But my learned adversary says, that, if we maintain that the people (for he speaks in the name and on behalf of the people, to which I do not object) cannot commence changes in their government but by some previous act of legislation, and if the legislature will not grant such an act, we do in fact follow the example of the Holy Alliance, "the doctors of Laybach," where the assembled sovereigns said that all changes of government must proceed from sovereigns; and it is said that we mark out the same rule for the people of Rhode Island.
Now will any man, will my adversary here, on a moment's reflection, undertake to show the least resemblance on earth between what I have called the American doctrine, and the doctrine of the sovereigns at Laybach? What do I contend for? I say that the will of the people must prevail, when it is ascertained; but there must be some legal and authentic mode of ascertaining that will; and then the people may make what government they please. Was that the doctrine of Laybach? Was not the doctrine there held this,—that the sovereigns should say what changes shall be made? Changes must proceed from them; new constitutions and new laws emanate from them; and all the people had to do was to submit. That is what they maintained. All changes began with the sovereigns, and ended with the sovereigns. Pray, at about the time that the Congress of Laybach was in session, did the allied powers put it to the people of Italy to say what sort of change they would have? And at a more recent date, did they ask the citizens of Cracow what change they would have in their constitution? Or did they take away their constitution, laws, and liberties, by their own sovereign act? All that is necessary here is, that the will of the people should be ascertained, by some regular rule of proceeding, prescribed by previous law. But when ascertained, that will is as sovereign as the will of a despotic prince, of the Czar of Muscovy, or the Emperor of Austria himself, though not quite so easily made known. A ukase or an edict signifies at once the will of a despotic prince; but that will of the people, which is here as sovereign as the will of such a prince, is not so quickly ascertained or known; and thence arises the necessity for suffrage, which is the mode whereby each man's power is made to tell upon the constitution of the government, and in the enactment of laws.
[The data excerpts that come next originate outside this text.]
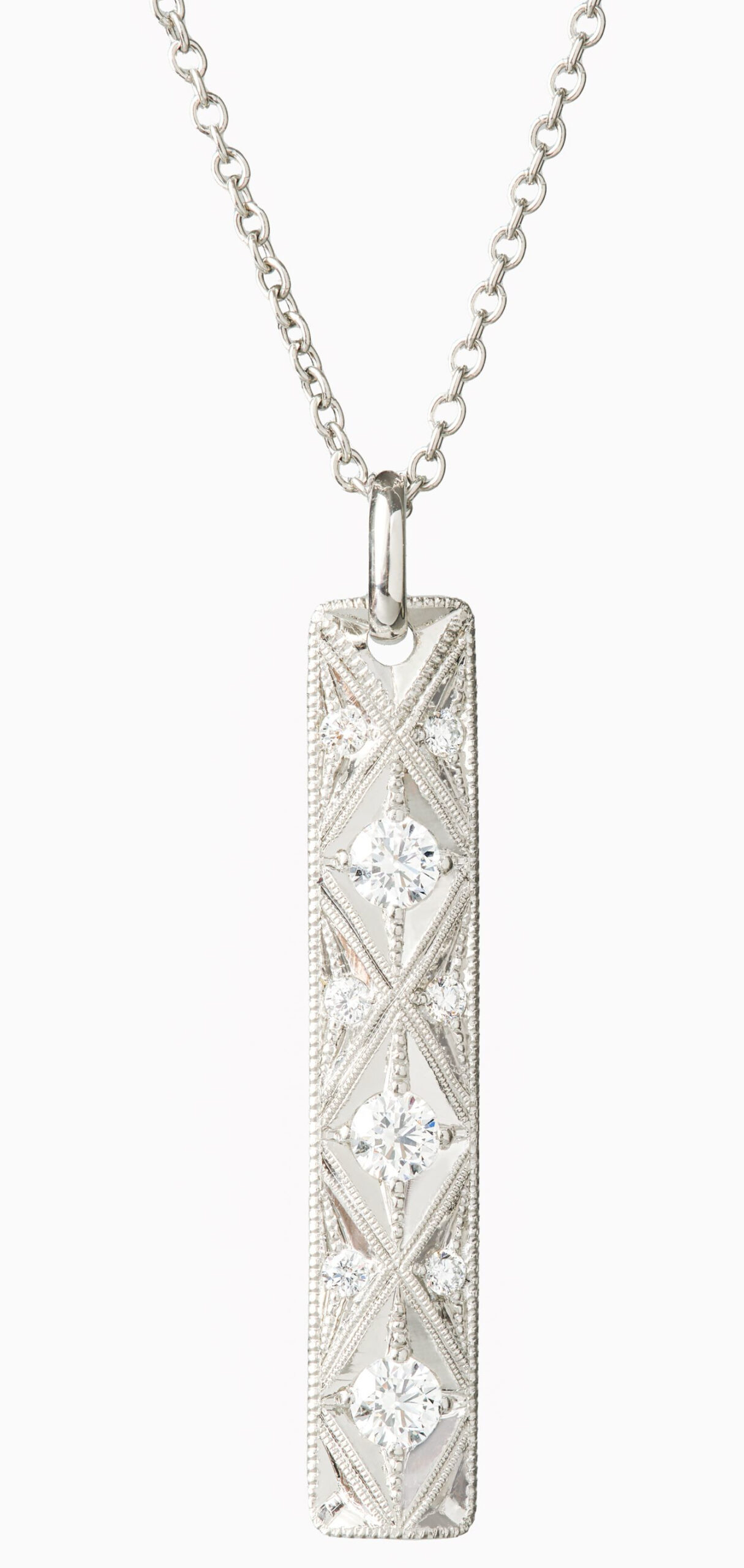 Pendentif barre : Diamants D-G VS de 40 carats – Chaîne en platine de 45 cm – Matériaux : platine – diamant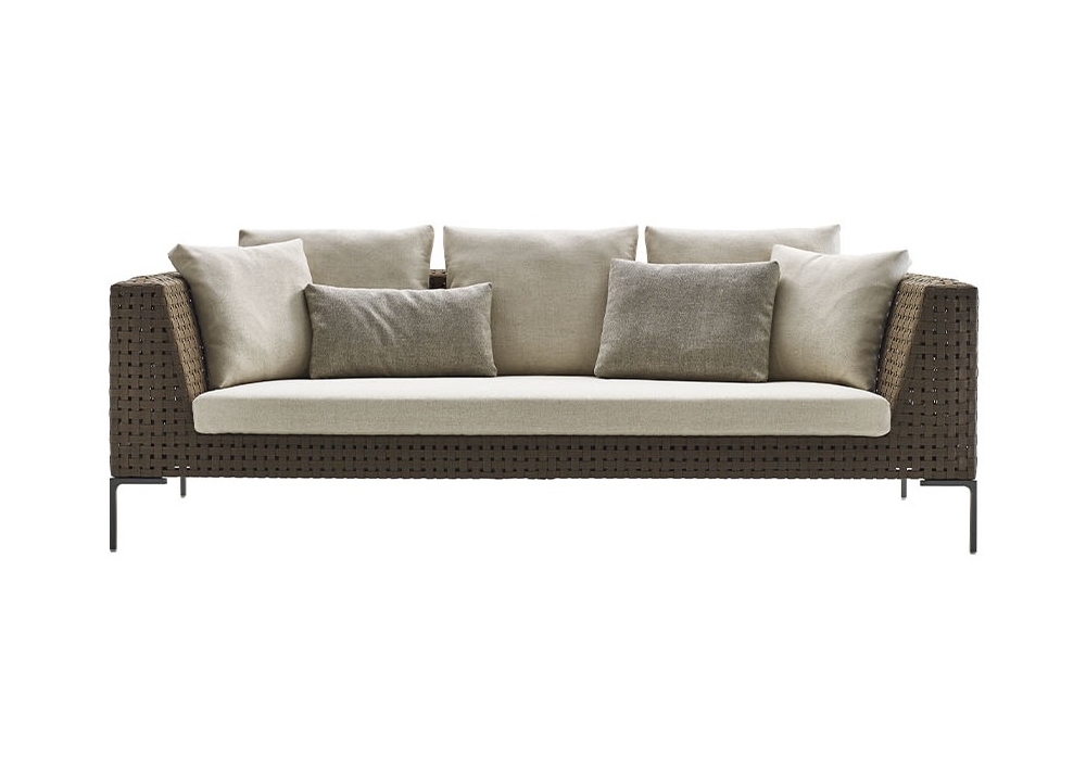 Charles Outdoor designed by Antonio Citterio for B&B Italia Outdoor is a sofa with a tubular structure and aluminum profiles with polypropylene fiber weave. Upholstery in different fabrics.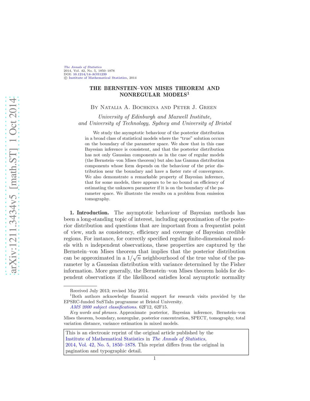 We study the asymptotic behaviour of the posterior distribution in a broad class of statistical models where the "true" solution occurs on the boundary of the parameter space. We show that in this case Bayesian inference is consistent, and that the posterior distribution has not only Gaussian components as in the case of regular models (the Bernstein-von Mises theorem) but also has Gamma distribution components whose form depends on the behaviour of the prior distribution near the boundary and have a faster rate of convergence. We also demonstrate a remarkable property of Bayesian inference, that for some models, there appears to be no bound on efficiency of estimating the unknown parameter if it is on the boundary of the parameter space. We illustrate the results on a problem from emission tomography.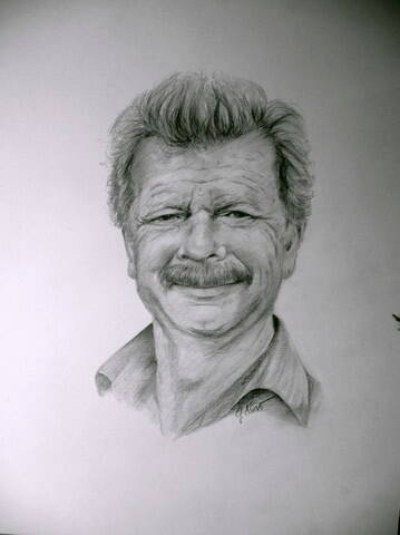 Wie hem heeft getekend weet ik niet maar de tekening is zeer treffend! Altijd vriendelijk en altijd een mooi welkom. Ook al is het nog zo druk lijkt hij altijd de rust zelve.In de loop der jaren heb ik hem goed leren kennen en dan laat hij wel eens weten dat het hem wel eens te druk wordt. Een gouwe kerel wat mij betreft.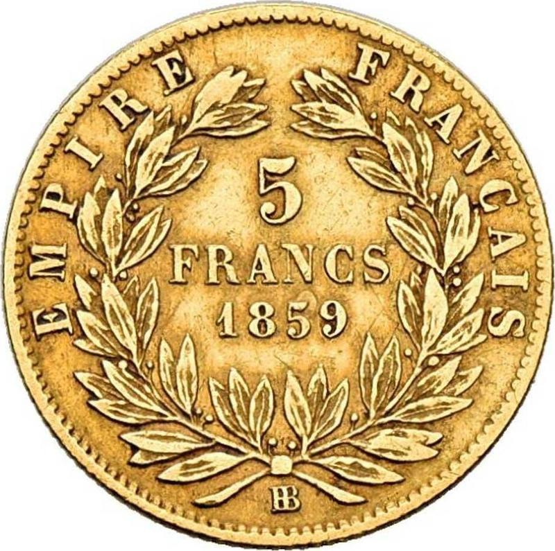 Find out the current coin value of the French 5 Francs 1859 with mark BB. This gold coin from the times of Napoleon III struck at the Strasbourg Mint. Wondering how much a coin like this is worth? The record price belongs to the lot 2123 sold at the Bonhams Knightsbridge auction for USD 9,360. Bidding took place December 8, 2010.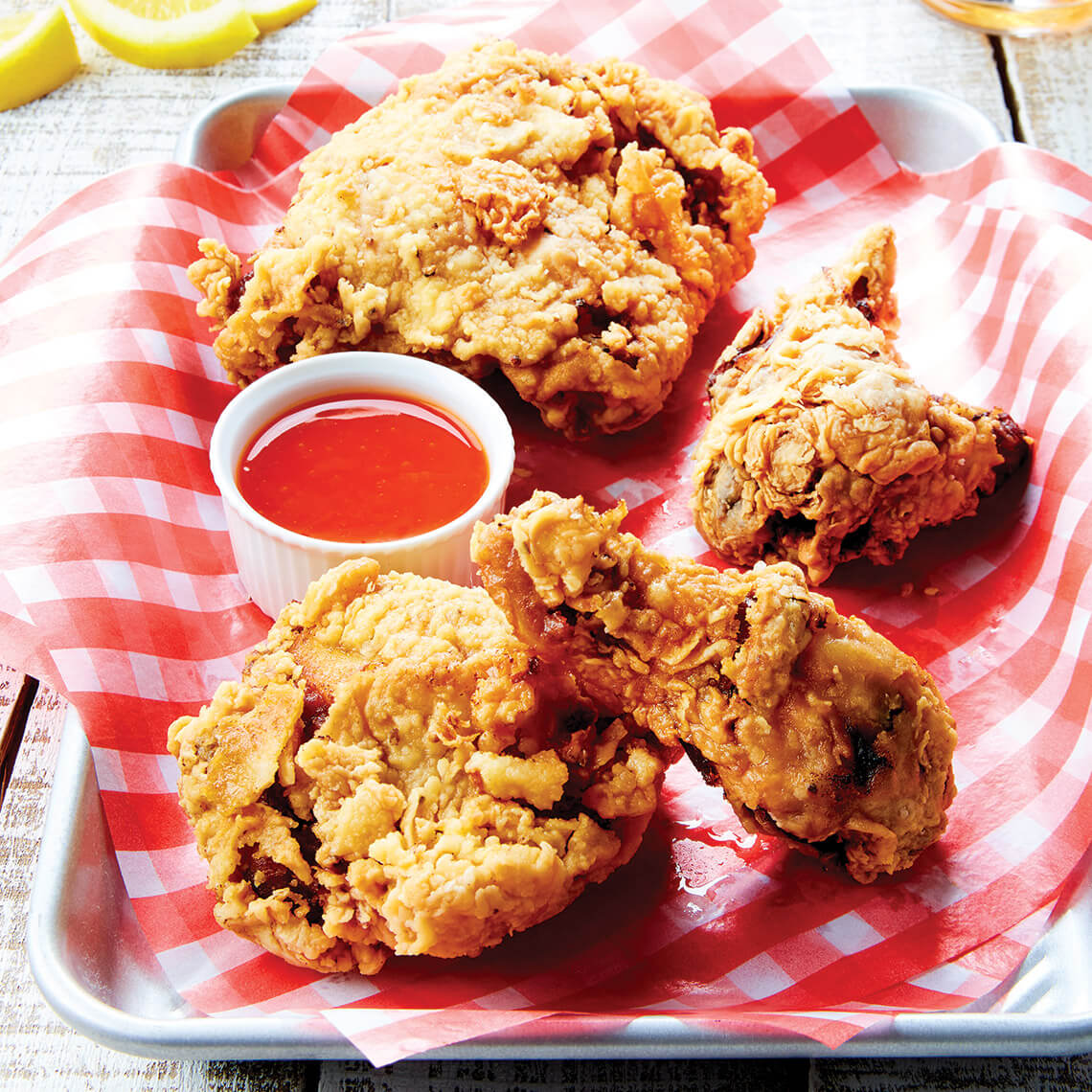 Remove chicken from brine. Dredge in flour mixture, shaking off excess. Dip in buttermilk, letting excess drip off. Dredge in flour mixture again, shaking off excess. Working in batches, fry chicken, turning 3 to 4 times, until golden brown and internal temperature reaches 165°, about 9 to 12 minutes. Let drain on paper towels. Serve immediately.
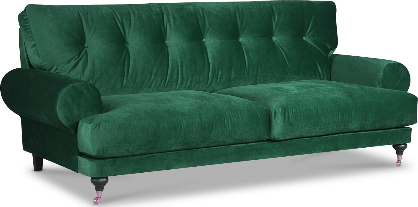 Snygg form. Valde i sammet, petrolfärg. Riktigt snygg soffa. Lite åt det hårdare hållet att sitta i, vilket jag föredrar. Hård pga innehåller mycket fyllning, inte pga att jag sitter direkt mot fjädrarna. Känns rejäl med hög kvalité.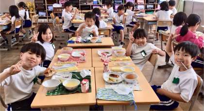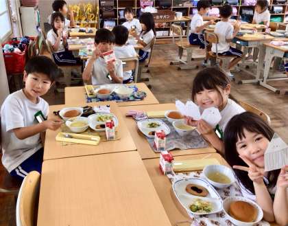 6月12日(木)の梅坪小(7)2年生の給食風景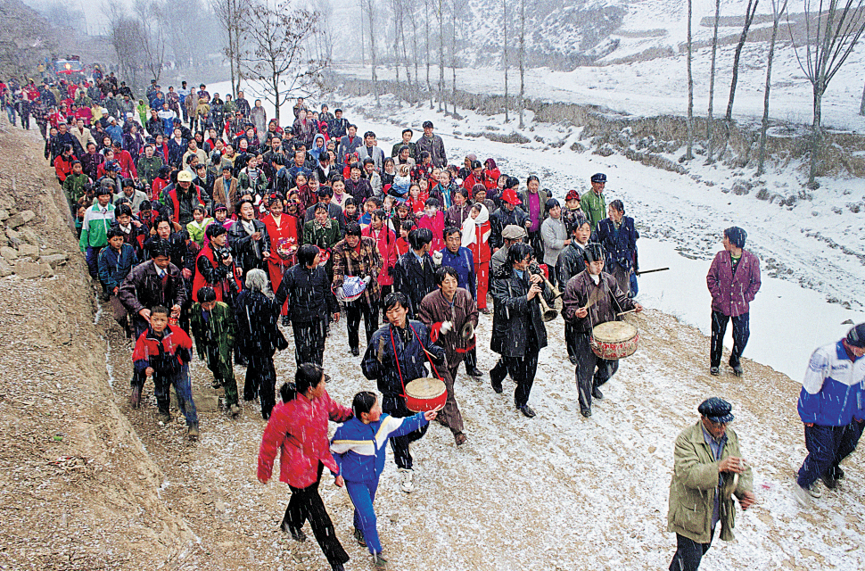 2000年2月,米脂县,瑞雪纷飞中的迎亲队伍。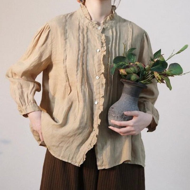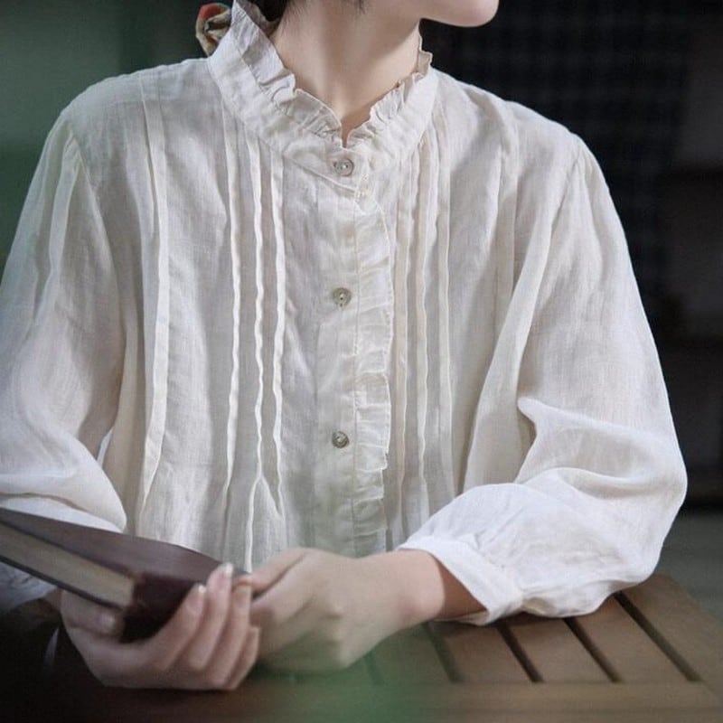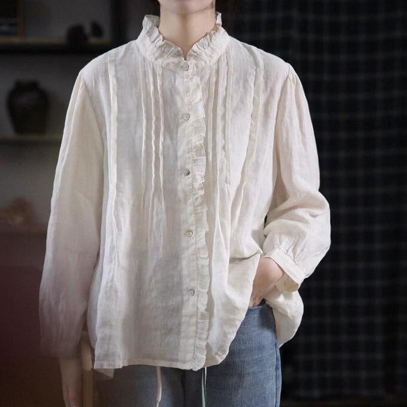 プリーツレースリネンシャツ M0214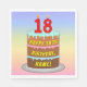 Den här pappra napkindesignen med hög pulsåder och färgfyllning har en tecknad-stil-bild av en treskiktad födelsedagskalas med numeriskt formade ljus ovanpå som visar siffran "18", tillsammans med meddelandet "LYCKLIG 18:E BIRTHDAY", och en redigerbar mottagare namn. Bakgrunden har ett monteringsspektrum för pastellregnbåge med flera färg inspirerad gradient mönster. Skämmande pappra servetter av det här slaget kan användas när man är värd för ett party för någon i firande på deras 18-årsdag. [~Z0000623]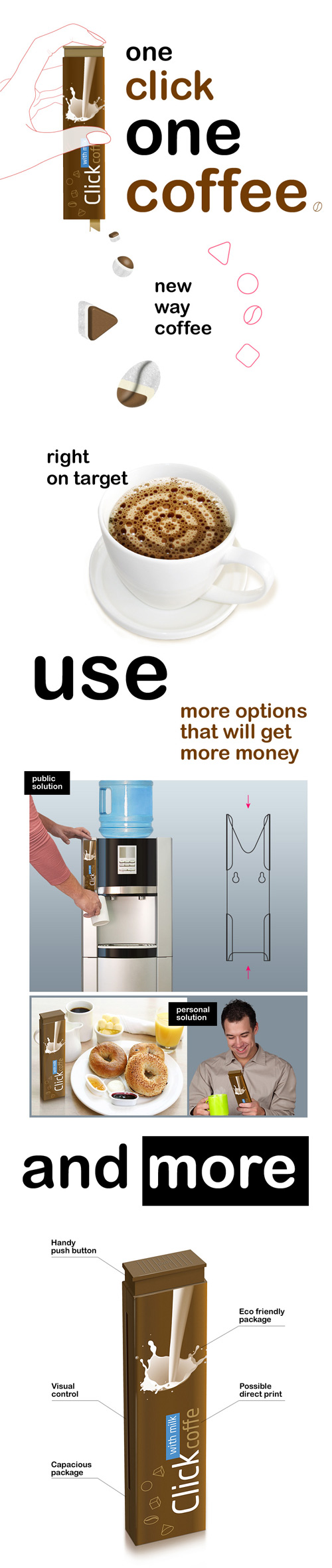 Растворимый кофе меняет форматВ студии FormFarm завершась работа по созданию нового формата быстрорастворимого кофе.В эпоху цифровых технологий и Интернета должен был наконец-то появится соответствующий этому времени продукт: кликабельный кофе, он же ClickCoffe. ClickCoffe - это более насыщенный вкус, удобство хранения и транспортировки, чистота и отсутствие всевозможных банок, сахарниц и пакетиков, точная дозировка, быстрота процесса заваривания, 100% контакт бренда и потенциального потребителя, даже если он не любит растворимый кофе (особенно в рамках офисов и публичных местах), уникальная рекламная поверхность и многое другое. Даный проект разрабатывался для крупного производителя растворимого кофе и выйдет в ротацию под одной из известных марок. |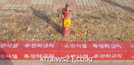김포시가 유사 시 신속한 소방활동 지원을 위해 100개소의 소방시설 주변 경계석과 가장자리에 적색표시 공사를 완료했다.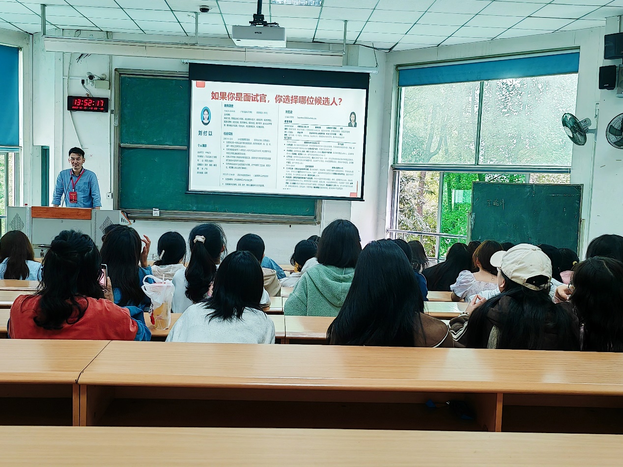 为了提升同学们的简历制作能力,在强内卷时代下脱颖而出,2023年10月15日下午,西华大学外国语学院校友经验交流分享会在4教B区301教室举行。学院优秀校友任春旺、宋晴受邀出席,活动由罗雨虹老师主持,外国语学院本科生和研究生出席本次活动。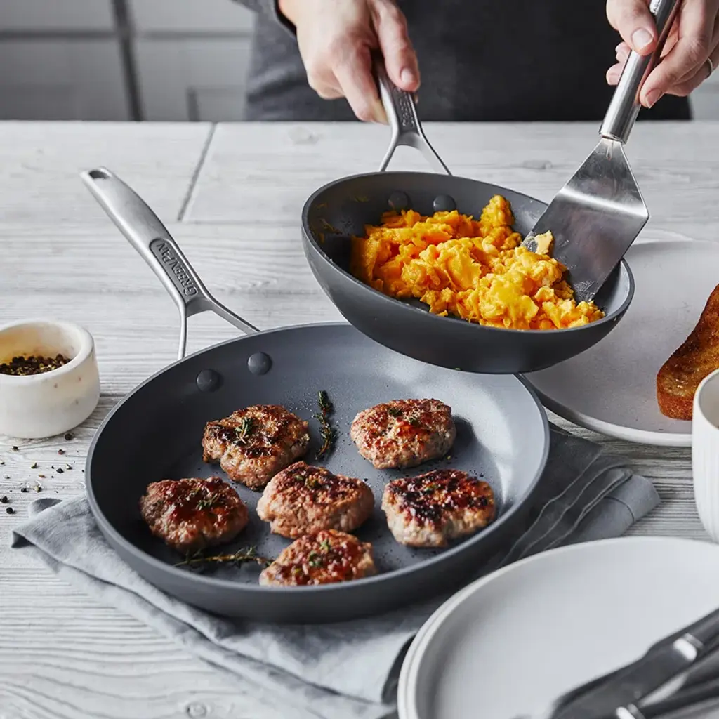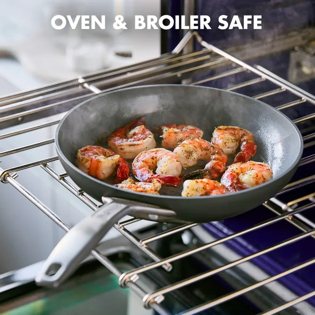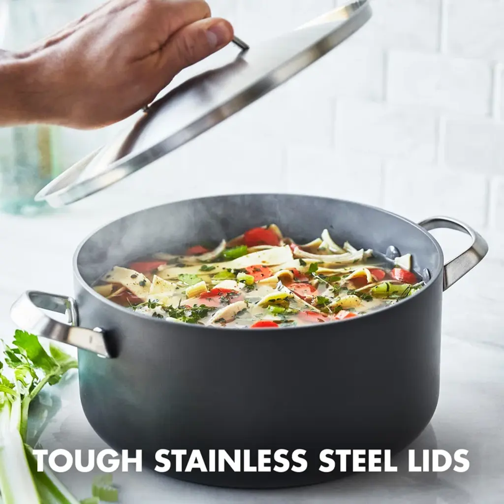 The GreenPan Paris Pro 11pc Ceramic Non-Stick Cookware Set is the perfect mix of class and convenience. Paris Pro is made of durable hard anodized aluminum for even heat conduction and is complete with a matte dishwasher-safe coating. The eye-catching, ergonomic stainless steel handle is riveted for a stronghold and the stainless steel lid is built to last, allowing for oven use. The interior is coated with Thermolon Minerals, now metal utensils safe and last even in the face of intense use and cleaning. Complete with a limited lifetime warranty for worry-free cooking. This set includes an 8” open frypan, 9.5” open frypan, 11” covered saucepan, 3qt covered saucepans, 3qt covered saute pan, and 5.5qt covered casserole.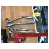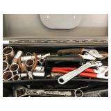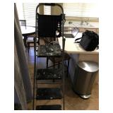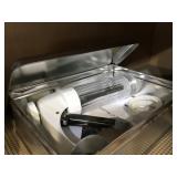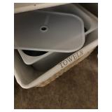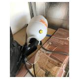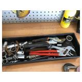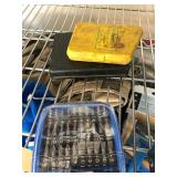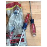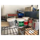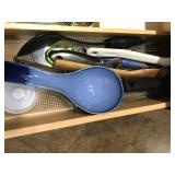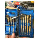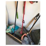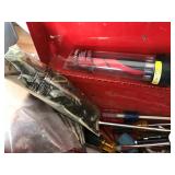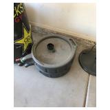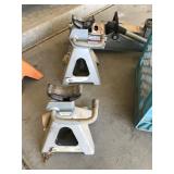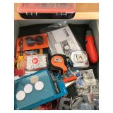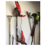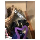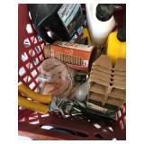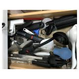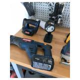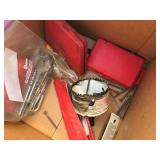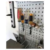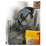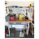 TOOL BENCH STANDING SHOP LIGHT YARD TOOLS TORO ULTRA BLOWER EZ UP TENT POWER TOOLS CAST IRON POT AND FRYING PANS (RIDGEWAY BY KELTY) RYOBI SET WITH EVERYTHING POWER CORDS DRILL BITS FLOOR JACK AND JACK STANDS DELTA CHOP SAW 3 SMALLER TOOL BOXES BLUE SANGO KITCHEN PLATES AND BOWLS THE PAMPERED CHEF LE CREUSET MADE IN FRANCE PYREX MEASUREING CUPS PYREX LINENS SILVER WARE BOOKS POTS AND PANS PIER 1 MIXINF BOWLS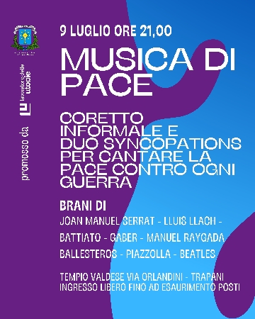 Il 9 luglio alle 21.00, al Tempio Valdese di Trapani in via Orlandini, si terrà “Musiche di Pace”, appuntamento organizzato dalla Chiesa Evangelica Valdese di Trapani e Marsala insieme al Laboratorio delle Utopie APS.

One of the most recent laws for taking the will of the people in any State is the law of 1845, of the State of New York. It begins by recommending to the people to assemble in their several election districts, and proceed to vote for delegates to a convention. If you will take the pains to read that act, it will be seen that New York regarded it as an ordinary exercise of legislative power. It applies all the penalties for fraudulent voting, as in other elections. It punishes false oaths, as in other cases. Certificates of the proper officers were to be held conclusive, and the will of the people was, in this respect, collected essentially in the same manner, supervised by the same officers, under the same guards against force and fraud, collusion and misrepresentation, as are usual in voting for State or United States officers.
We see, therefore, from the commencement of the government under which we live, down to this late act of the State of New York, one uniform current of law, of precedent, and of practice, all going to establish the point that changes in government are to be brought about by the will of the people, assembled under such legislative provisions as may be necessary to ascertain that will, truly and authentically.
In the next place, may it please your honors, it becomes very important to consider what bearing the Constitution and laws of the United States have upon this Rhode Island question. Of course the Constitution of the United States recognizes the existence of States. One branch of the legislature of the United States is composed of Senators, appointed by the States, in their State capacities. The Constitution of the United States[1] says that "the United States shall guarantee to each State a republican form of government, and shall protect the several States against invasion; and on application of the legislature, or of the executive when the legislature cannot be convened, against domestic violence." Now, I cannot but think this a very stringent article, drawing after it the most important consequences, and all of them good consequences. The Constitution, in the section cited, speaks of States as having existing legislatures and existing executives; and it speaks of cases in which violence is practised or threatened against the State, in other words, "domestic violence"; and it says the State shall be protected. It says, then, does it not? that the existing government of a State shall be protected. My adversary says, if so, and if the legislature would not call a convention, and if, when the people rise to make a constitution, the United States step in and prohibit them, why, the rights and privileges of the people are checked, controlled. Undoubtedly. The Constitution does not proceed on the ground of revolution; it does not proceed on any right of revolution; but it does go on the idea, that, within and under the Constitution, no new form of government can be established in any State, without the authority of the existing government.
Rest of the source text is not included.